### [DATA LISTING]
※
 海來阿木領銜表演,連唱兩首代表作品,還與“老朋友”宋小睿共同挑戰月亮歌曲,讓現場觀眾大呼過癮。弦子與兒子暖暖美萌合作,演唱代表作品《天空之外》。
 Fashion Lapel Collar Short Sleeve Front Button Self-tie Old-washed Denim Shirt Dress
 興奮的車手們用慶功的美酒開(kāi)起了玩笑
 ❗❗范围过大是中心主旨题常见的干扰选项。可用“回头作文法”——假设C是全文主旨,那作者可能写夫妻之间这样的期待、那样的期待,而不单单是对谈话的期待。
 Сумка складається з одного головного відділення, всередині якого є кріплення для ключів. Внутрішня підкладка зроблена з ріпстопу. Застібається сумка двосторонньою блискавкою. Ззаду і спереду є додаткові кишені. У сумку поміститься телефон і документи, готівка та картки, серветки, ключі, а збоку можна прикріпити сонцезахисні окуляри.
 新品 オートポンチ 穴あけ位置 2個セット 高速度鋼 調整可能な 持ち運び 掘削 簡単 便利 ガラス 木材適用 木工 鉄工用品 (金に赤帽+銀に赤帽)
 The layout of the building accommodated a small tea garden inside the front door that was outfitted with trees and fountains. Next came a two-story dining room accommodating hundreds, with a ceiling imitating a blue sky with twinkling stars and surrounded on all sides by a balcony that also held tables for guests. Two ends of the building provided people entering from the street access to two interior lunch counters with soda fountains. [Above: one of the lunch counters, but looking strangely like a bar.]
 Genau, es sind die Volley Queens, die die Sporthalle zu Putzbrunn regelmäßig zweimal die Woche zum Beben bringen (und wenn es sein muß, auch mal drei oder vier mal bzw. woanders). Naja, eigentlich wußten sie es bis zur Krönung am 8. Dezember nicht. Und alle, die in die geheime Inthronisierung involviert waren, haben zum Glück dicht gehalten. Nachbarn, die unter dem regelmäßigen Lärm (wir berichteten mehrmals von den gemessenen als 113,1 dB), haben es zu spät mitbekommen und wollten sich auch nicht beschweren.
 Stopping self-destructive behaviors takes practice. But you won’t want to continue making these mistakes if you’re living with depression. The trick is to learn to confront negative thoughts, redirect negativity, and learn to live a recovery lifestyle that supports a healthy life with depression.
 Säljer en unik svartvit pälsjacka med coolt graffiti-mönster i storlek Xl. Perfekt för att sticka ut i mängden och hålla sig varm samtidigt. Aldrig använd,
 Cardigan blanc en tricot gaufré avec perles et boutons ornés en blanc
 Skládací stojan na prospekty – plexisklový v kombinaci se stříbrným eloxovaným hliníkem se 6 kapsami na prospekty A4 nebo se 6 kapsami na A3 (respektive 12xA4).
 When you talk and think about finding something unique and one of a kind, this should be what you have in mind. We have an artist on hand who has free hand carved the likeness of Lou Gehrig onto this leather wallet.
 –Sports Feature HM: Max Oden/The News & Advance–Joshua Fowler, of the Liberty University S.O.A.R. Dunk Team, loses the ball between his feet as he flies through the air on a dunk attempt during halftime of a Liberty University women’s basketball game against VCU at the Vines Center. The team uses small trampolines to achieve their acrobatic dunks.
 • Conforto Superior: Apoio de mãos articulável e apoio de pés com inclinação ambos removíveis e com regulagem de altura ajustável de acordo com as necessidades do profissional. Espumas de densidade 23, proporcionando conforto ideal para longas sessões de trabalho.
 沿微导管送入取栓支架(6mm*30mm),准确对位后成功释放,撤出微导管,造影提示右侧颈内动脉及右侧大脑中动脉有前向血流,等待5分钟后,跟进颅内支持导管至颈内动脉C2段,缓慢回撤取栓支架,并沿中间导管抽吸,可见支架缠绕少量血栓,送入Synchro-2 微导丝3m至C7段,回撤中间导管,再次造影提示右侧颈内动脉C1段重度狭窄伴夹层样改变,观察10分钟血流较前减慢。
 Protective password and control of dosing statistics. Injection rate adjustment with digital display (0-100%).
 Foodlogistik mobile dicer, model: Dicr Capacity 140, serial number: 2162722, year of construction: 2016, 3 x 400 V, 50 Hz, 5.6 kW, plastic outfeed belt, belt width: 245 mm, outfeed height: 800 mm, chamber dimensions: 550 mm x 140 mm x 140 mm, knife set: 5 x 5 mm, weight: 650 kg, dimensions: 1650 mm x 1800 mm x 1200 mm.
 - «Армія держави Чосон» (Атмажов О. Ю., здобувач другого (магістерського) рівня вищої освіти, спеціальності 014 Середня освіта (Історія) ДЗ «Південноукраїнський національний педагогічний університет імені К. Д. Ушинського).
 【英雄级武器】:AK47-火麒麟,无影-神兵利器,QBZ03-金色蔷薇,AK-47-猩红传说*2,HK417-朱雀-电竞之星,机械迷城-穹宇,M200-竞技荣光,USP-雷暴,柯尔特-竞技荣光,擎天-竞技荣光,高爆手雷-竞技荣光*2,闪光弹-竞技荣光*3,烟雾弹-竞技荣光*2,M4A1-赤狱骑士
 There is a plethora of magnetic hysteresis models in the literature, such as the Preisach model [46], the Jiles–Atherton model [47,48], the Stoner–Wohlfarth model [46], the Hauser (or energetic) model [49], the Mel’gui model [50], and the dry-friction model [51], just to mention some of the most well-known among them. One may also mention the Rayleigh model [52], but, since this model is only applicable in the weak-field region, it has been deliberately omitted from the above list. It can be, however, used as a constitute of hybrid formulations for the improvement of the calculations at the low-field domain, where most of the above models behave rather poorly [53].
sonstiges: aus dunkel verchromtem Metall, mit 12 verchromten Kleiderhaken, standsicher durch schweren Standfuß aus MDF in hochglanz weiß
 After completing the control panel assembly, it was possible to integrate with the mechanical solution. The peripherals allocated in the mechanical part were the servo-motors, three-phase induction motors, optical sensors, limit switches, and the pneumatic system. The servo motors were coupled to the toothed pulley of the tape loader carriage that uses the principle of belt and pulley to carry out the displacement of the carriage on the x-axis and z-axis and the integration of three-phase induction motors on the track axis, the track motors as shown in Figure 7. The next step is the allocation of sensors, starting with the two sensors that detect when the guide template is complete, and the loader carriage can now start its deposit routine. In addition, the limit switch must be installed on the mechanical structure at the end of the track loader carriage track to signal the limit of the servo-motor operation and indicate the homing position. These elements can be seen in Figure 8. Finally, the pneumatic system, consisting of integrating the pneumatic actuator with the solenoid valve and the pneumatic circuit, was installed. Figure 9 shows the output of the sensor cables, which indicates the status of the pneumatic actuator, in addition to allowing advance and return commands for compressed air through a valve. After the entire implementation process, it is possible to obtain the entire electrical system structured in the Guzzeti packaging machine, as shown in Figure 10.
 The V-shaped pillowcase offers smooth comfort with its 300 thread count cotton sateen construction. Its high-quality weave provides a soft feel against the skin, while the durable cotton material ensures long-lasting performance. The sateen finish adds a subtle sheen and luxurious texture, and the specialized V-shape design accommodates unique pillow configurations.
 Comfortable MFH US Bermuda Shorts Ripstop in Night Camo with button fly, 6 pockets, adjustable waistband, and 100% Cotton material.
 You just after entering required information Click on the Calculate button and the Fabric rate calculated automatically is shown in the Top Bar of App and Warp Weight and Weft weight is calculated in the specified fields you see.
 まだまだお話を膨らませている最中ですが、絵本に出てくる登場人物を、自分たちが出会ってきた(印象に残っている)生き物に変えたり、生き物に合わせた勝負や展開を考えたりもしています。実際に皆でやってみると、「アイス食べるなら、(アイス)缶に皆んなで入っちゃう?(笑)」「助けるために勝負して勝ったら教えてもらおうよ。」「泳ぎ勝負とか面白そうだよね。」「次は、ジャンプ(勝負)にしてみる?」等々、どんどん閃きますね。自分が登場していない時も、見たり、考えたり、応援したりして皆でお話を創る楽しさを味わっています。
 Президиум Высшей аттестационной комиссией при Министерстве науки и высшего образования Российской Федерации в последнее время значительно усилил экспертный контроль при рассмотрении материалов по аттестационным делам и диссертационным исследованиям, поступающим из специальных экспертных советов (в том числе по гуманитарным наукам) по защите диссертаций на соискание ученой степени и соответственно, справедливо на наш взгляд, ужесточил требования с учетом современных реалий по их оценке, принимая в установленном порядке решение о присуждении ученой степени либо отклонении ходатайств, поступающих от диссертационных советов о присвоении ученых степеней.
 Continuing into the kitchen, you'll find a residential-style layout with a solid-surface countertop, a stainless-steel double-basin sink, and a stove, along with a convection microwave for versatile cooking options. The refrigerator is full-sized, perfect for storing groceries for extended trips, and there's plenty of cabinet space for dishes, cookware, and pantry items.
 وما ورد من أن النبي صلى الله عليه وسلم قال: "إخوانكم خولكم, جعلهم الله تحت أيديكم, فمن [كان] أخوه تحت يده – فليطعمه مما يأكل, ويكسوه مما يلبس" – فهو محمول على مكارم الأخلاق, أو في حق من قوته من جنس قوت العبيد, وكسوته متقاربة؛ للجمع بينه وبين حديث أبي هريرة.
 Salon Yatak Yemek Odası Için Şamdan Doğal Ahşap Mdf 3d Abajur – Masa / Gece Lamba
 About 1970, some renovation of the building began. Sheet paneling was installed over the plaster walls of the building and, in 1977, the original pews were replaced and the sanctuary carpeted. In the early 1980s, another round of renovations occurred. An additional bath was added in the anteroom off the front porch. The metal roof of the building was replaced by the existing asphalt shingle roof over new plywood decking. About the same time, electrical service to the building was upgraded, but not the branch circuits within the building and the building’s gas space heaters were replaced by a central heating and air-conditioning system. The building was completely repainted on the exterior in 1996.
※
All lines of the material that contain the string "building" are to be copied.

 The layout of the building accommodated a small tea garden inside the front door that was outfitted with trees and fountains. Next came a two-story dining room accommodating hundreds, with a ceiling imitating a blue sky with twinkling stars and surrounded on all sides by a balcony that also held tables for guests. Two ends of the building provided people entering from the street access to two interior lunch counters with soda fountains. [Above: one of the lunch counters, but looking strangely like a bar.]
 About 1970, some renovation of the building began. Sheet paneling was installed over the plaster walls of the building and, in 1977, the original pews were replaced and the sanctuary carpeted. In the early 1980s, another round of renovations occurred. An additional bath was added in the anteroom off the front porch. The metal roof of the building was replaced by the existing asphalt shingle roof over new plywood decking. About the same time, electrical service to the building was upgraded, but not the branch circuits within the building and the building’s gas space heaters were replaced by a central heating and air-conditioning system. The building was completely repainted on the exterior in 1996.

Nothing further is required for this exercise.